ホールに集められた生徒達の前には、黒いローブに身を包んだヴェラ(ルシュ様)が立っている。

「へ~…ファブリケって名前だったんだ…。」
「え、嘘でしょ!?魔法の名前を知らずに使ってたの?」

私の前に座っていたユイが、首を後ろに向けて目を丸くしている。

「あ、うん…。知ってないとまずかったかな?」
「確か、呪文の後に魔法名を言わないと発動出来ないんじゃなかった?」
「ユイちゃん。正確には、名前を言った方が成功する確率が高くなるって、教科書に書いてあったはずだよ?」

隣に座っているララが、教科書の内容をスラスラと答え始めた。

「そこの3人。
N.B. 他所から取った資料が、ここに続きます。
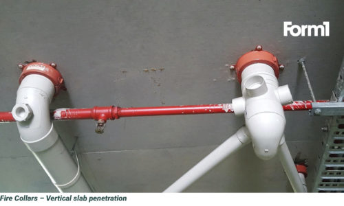 Here is an example of fire collars in use. They contain intumescent materials that expand rapidly with heat, to effectively seal the penetration and resist fire burning from one level to the next.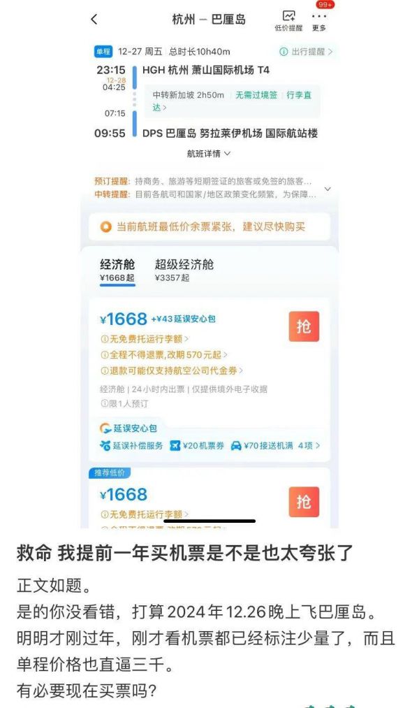 赶在节后机票大跳水的时候,有“未雨绸缪”的人开始安排自己2024年小长假的旅行计划,早早就开始预订出游机票,有的甚至计划把年底出国旅行的机票也直接预订了。

質問があるなら、手を挙げて発言しなさい。」
「す、すみません…!」

ヴェラから私語を注意され、慌てて謝罪をしているララと同時に、ユイが右手を上に伸ばした。

「ルシュ様!質問してもよろしいでしょうか?」
「どうぞ。」

彼女は手をおろして、その場に立ち上がった。

「ファブリケなどの魔法名は、知らなくても魔法を発動する事は出来るのでしょうか?」
「結論からいえば可能だ。そもそも、魔法名というのは、その魔法をイメージしやすくする為に名前を付けただけだ。名前を知らずとも、イメージを固め、魔法を発動出来れば魔法名を知る必要はない。」
「そうなのですね…。わかりました!ありがとうございます。」

ユイは質問の答えに納得すると、その場に再び腰を下ろした。

「他に質問のある者はいるか?…いなければ早速やってみよう。まずはそれぞれ作りたい物を好きに作りなさい。じゃあ…各自バラけて、怪我などしないように気をつけて。」

生徒達が立ち上がり、ホールの四方八方に散らばると、私達も移動し始めた。

「ねールナちゃん。」

後ろを歩いていたフランが、私の服の袖を軽く掴んだ。

「ん?どうしたの?フラン。」
「ルナちゃんは、もうファブリケって使えるんでしょ?僕に付きっきりで教えてくれない?」
「え、うん…いいけど…。」
「ちょっとフラン!抜け駆けはだめよ!私だってルナにコツがあるなら教えて貰いたいもの!」

前を歩いていたユイが、腰に手を当てて私達の前に立ちはだかった。

「わ、私もイメージの固め方とか…よくわからないから教えて欲しいな…。」
「フラン。ちゃんと出来るようになるまで教えてあげるから、まずはみんなで一緒にやろ?」
「それならしょうがないね。ルナちゃんに従うよ。」



「出来た!出来たわよルナ!」

ユイは、自分の隣に彼女の身長と同じくらいの、大きなクマのぬいぐるみを作り出した。彼女は既にファブリケを使えるが、今までは手のひらに乗せられる程の、小さな物しか作る事が出来なかった。少しコツを教えただけで、あっという間に自分の物にしてしまう彼女は、魔法の才能に長けているのだろう。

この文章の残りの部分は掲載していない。